The problem here lies with privacy concerns. For example, if an immigration official gathers DNA information from a migrant who entered the country illegally only to be given asylum later — because the court process takes a very long time — that person, who has the option of becoming a U.S. citizen at some point now has a criminal stain on their record for the rest of their life.
Writer Kelly Hayes wrote an extensive Twitter thread that exposes the extensive damage and intrusion this form of DNA gathering will have for years to come.
“A DNA registry for migrants,” Hayes tweeted. “Imagine the ugly possibilities of having a marginalized group of people that large cataloged according to their DNA, and that catalog being in the hands of the state. I know folks are focused on Ukraine, but this is a whole thing. We’re talking about hundreds of thousands of people, including children. With evolving technologies, the potential surveillance applications of a massive DNA registry are ominous AF.”

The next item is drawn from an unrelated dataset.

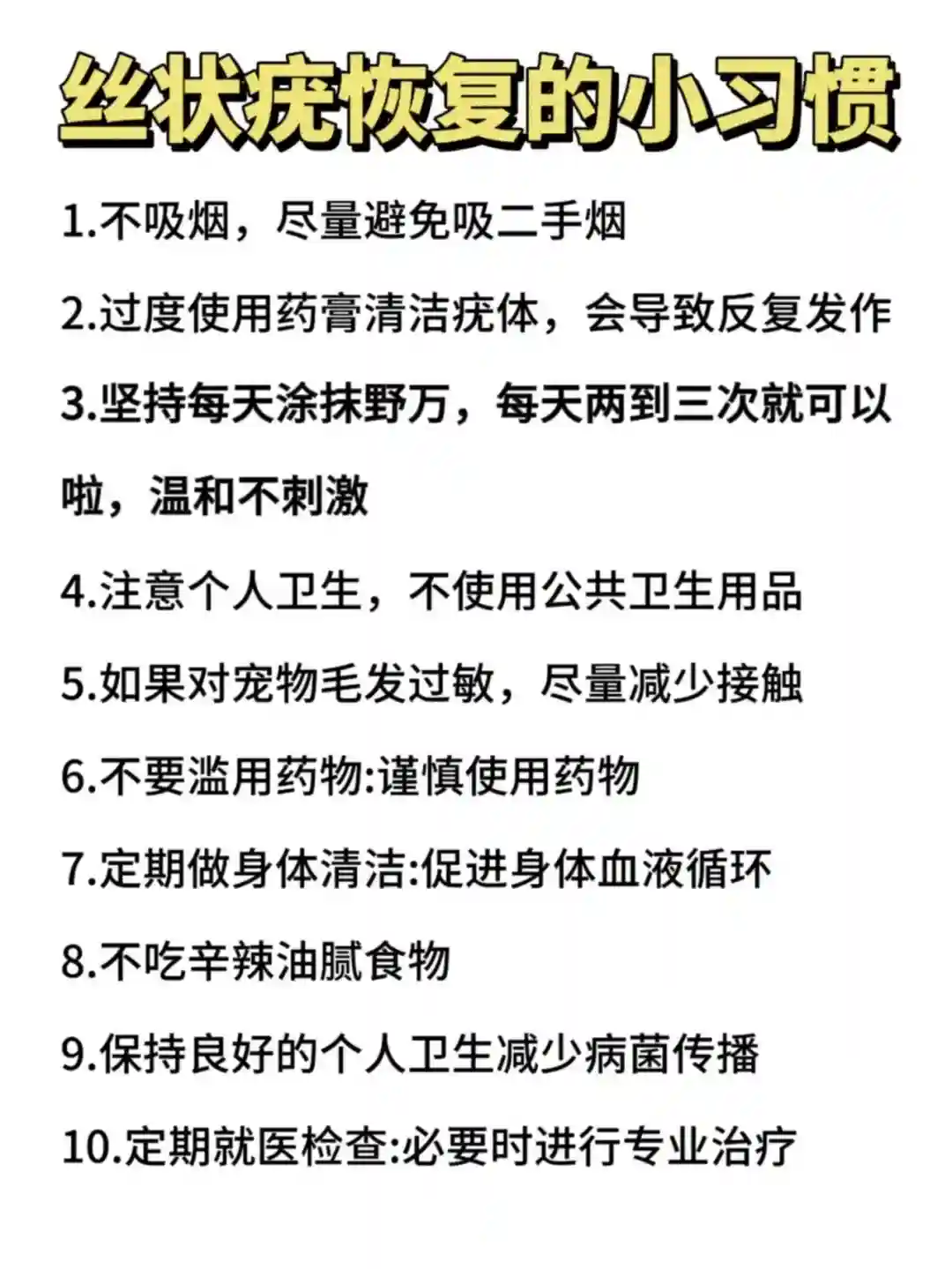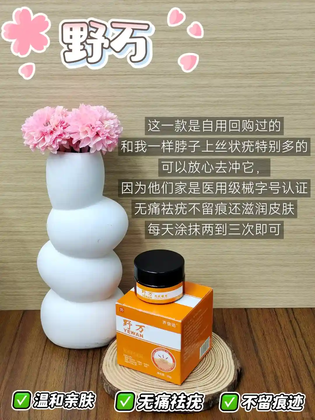 3.坚持每天涂抹野万,每天两到三次就可以啦,温和不刺激4.注意个人卫生,不使用公共卫生用品

It’s unclear when this DNA collection will officially begin, even though the New York Times reports that Homeland Security officials have already said they have the right to get DNA from migrants. However, the Supreme Court has already ruled undocumented people have rights just as U.S. citizens do.
“Though the Supreme Court has found that the constitutional right to privacy applies to everyone within the United States, regardless of their immigration status, a more restrictive interpretation of the Fourth Amendment has been applied within a 100-mile zone of the border, where suspicionless searches are allowed, even of American citizens,” the Times reports. And yet we already know some attorneys are trying to fight that the Fourth Amendment doesn’t apply to undocumented people.